If you don’t measure carbon emissions, how can you reduce them? A survey undertaken for the Foundation for Future Supply Chain in collaboration with its research partner, Ti Insight, has found that out of 184 of the world’s largest transport and logistics companies, only 105 measured and published their carbon emissions, just 57% of the total.

John Manners-Bell, writing for the Foundation for Future Supply Chain in the white paper The Challenge of Measuring and Meeting Climate Change Targets says: “Measuring emissions is a fundamental step that needs to be taken before greenhouse gas reduction programmes can be initiated. Given that the transport industry’s success in reducing emissions will be critical to meeting governmental net-zero targets, the fact that such a large proportion of industry leaders have yet to start measuring their emissions is of major concern.”

There are some encouraging signs though, as in 2016 just under a quarter of logistics companies were publishing carbon emissions data (23%), so there has been significant improvement.

Manners-Bell concludes: “Most sectors of the transport and logistics industry are dominated by large numbers of small and medium-sized businesses, many of which will need support if they are to shoulder the additional cost burden of measuring emissions, setting targets and implementing carbon reduction strategies. These costs are significantly easier for big businesses to absorb and this could be an additional way in which to differentiate their operations from smaller competitors. 

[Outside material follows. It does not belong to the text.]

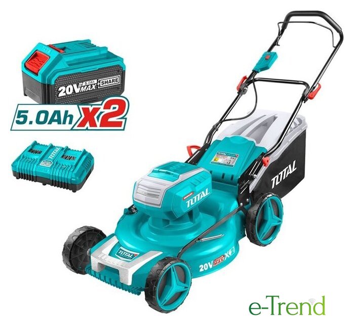 | Комплектация | - Газонокосилка аккумуляторная - 1 шт.- Травосборник 60 л - 1 шт.- Заглушка для мульчирования - 1 шт.- Устройство бокового выброса - 1 шт.- Аккумулятор 5,0 Ач - 2 шт.- Зарядное устройство - 1 шт.- Инструкция |

“Despite this, there seems to be a reluctance on the part of many corporate managers to embark on the net-zero journey, a position which is increasingly untenable. If more companies do not embrace the need to measure emissions, they will increasingly find themselves at a disadvantage when bidding for new business, or looking for new capital from investors becoming more sensitive to environmental considerations. Furthermore, governments around the world will undoubtedly regulate, or extend existing regulations, for mandatory disclosure.”